Work to complete:
In the records below, find the line containing "Один из немногих" and repeat it and every line after it exactly, without pictures.

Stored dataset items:
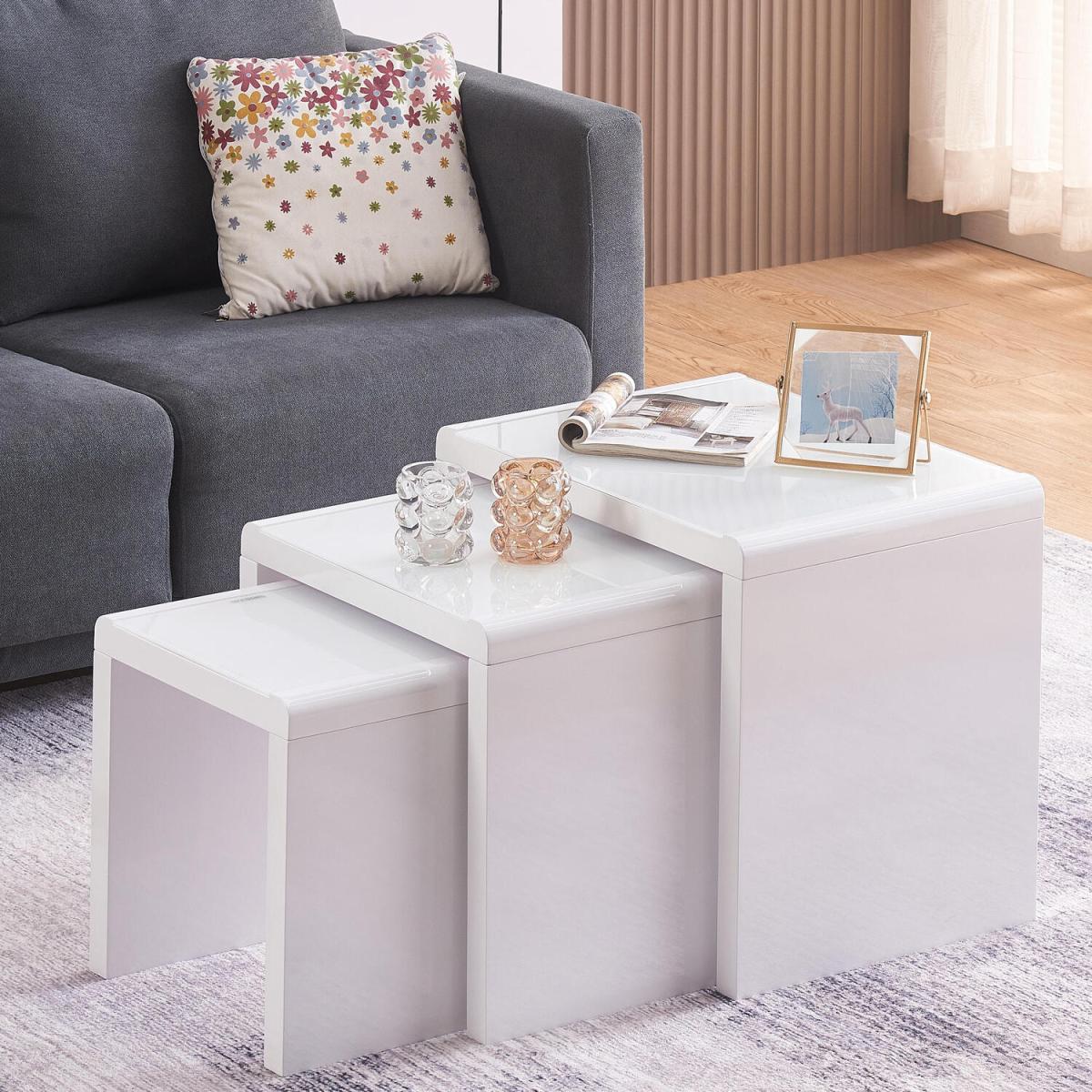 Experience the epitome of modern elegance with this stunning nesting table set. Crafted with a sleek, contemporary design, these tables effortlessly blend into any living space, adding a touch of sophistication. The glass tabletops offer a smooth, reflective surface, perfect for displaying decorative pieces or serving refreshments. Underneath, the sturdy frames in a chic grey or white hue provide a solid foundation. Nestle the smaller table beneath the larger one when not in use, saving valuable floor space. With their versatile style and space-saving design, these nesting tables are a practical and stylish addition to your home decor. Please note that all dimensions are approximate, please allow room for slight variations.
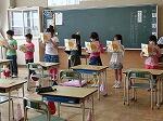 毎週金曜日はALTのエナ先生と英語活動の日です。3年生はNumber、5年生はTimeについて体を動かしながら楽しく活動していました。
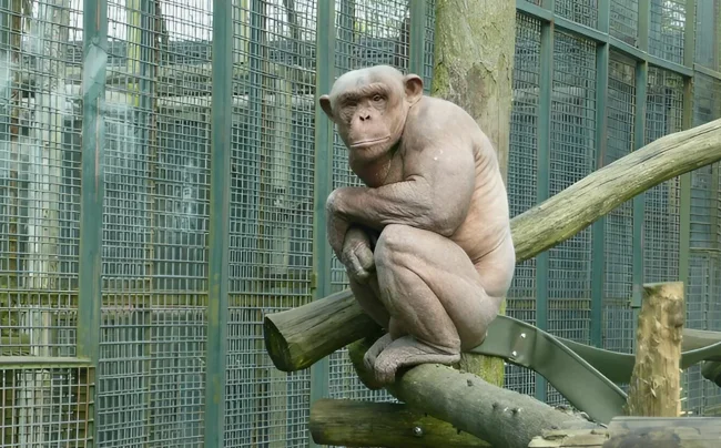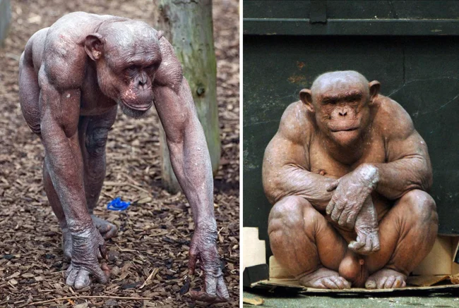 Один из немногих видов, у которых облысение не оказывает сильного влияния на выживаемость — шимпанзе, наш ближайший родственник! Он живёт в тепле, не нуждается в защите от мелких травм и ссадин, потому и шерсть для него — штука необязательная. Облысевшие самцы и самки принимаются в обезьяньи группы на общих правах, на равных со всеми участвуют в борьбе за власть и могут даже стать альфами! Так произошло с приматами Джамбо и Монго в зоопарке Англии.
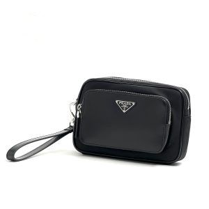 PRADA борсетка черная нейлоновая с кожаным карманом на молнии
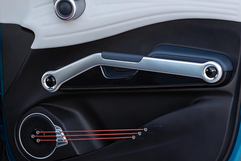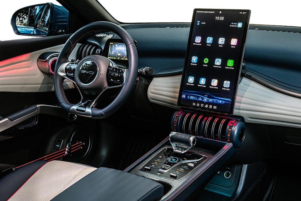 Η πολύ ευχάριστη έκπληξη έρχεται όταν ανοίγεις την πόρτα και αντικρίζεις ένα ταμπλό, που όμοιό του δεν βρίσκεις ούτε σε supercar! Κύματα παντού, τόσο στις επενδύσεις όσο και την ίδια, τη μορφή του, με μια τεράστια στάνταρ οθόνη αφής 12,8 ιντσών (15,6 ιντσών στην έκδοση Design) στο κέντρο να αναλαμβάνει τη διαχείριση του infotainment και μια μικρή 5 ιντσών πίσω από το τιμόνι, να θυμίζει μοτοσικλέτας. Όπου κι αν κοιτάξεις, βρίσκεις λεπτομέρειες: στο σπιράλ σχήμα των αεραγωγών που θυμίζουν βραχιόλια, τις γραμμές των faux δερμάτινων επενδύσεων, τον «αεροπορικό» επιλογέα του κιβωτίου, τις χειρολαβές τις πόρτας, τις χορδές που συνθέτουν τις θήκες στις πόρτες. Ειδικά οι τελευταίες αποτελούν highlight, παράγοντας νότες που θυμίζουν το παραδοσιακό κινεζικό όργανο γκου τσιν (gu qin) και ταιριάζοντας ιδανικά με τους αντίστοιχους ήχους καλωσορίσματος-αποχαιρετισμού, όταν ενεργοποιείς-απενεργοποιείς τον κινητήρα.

Your solution:
 Один из немногих видов, у которых облысение не оказывает сильного влияния на выживаемость — шимпанзе, наш ближайший родственник! Он живёт в тепле, не нуждается в защите от мелких травм и ссадин, потому и шерсть для него — штука необязательная. Облысевшие самцы и самки принимаются в обезьяньи группы на общих правах, на равных со всеми участвуют в борьбе за власть и могут даже стать альфами! Так произошло с приматами Джамбо и Монго в зоопарке Англии.
 PRADA борсетка черная нейлоновая с кожаным карманом на молнии
 Η πολύ ευχάριστη έκπληξη έρχεται όταν ανοίγεις την πόρτα και αντικρίζεις ένα ταμπλό, που όμοιό του δεν βρίσκεις ούτε σε supercar! Κύματα παντού, τόσο στις επενδύσεις όσο και την ίδια, τη μορφή του, με μια τεράστια στάνταρ οθόνη αφής 12,8 ιντσών (15,6 ιντσών στην έκδοση Design) στο κέντρο να αναλαμβάνει τη διαχείριση του infotainment και μια μικρή 5 ιντσών πίσω από το τιμόνι, να θυμίζει μοτοσικλέτας. Όπου κι αν κοιτάξεις, βρίσκεις λεπτομέρειες: στο σπιράλ σχήμα των αεραγωγών που θυμίζουν βραχιόλια, τις γραμμές των faux δερμάτινων επενδύσεων, τον «αεροπορικό» επιλογέα του κιβωτίου, τις χειρολαβές τις πόρτας, τις χορδές που συνθέτουν τις θήκες στις πόρτες. Ειδικά οι τελευταίες αποτελούν highlight, παράγοντας νότες που θυμίζουν το παραδοσιακό κινεζικό όργανο γκου τσιν (gu qin) και ταιριάζοντας ιδανικά με τους αντίστοιχους ήχους καλωσορίσματος-αποχαιρετισμού, όταν ενεργοποιείς-απενεργοποιείς τον κινητήρα.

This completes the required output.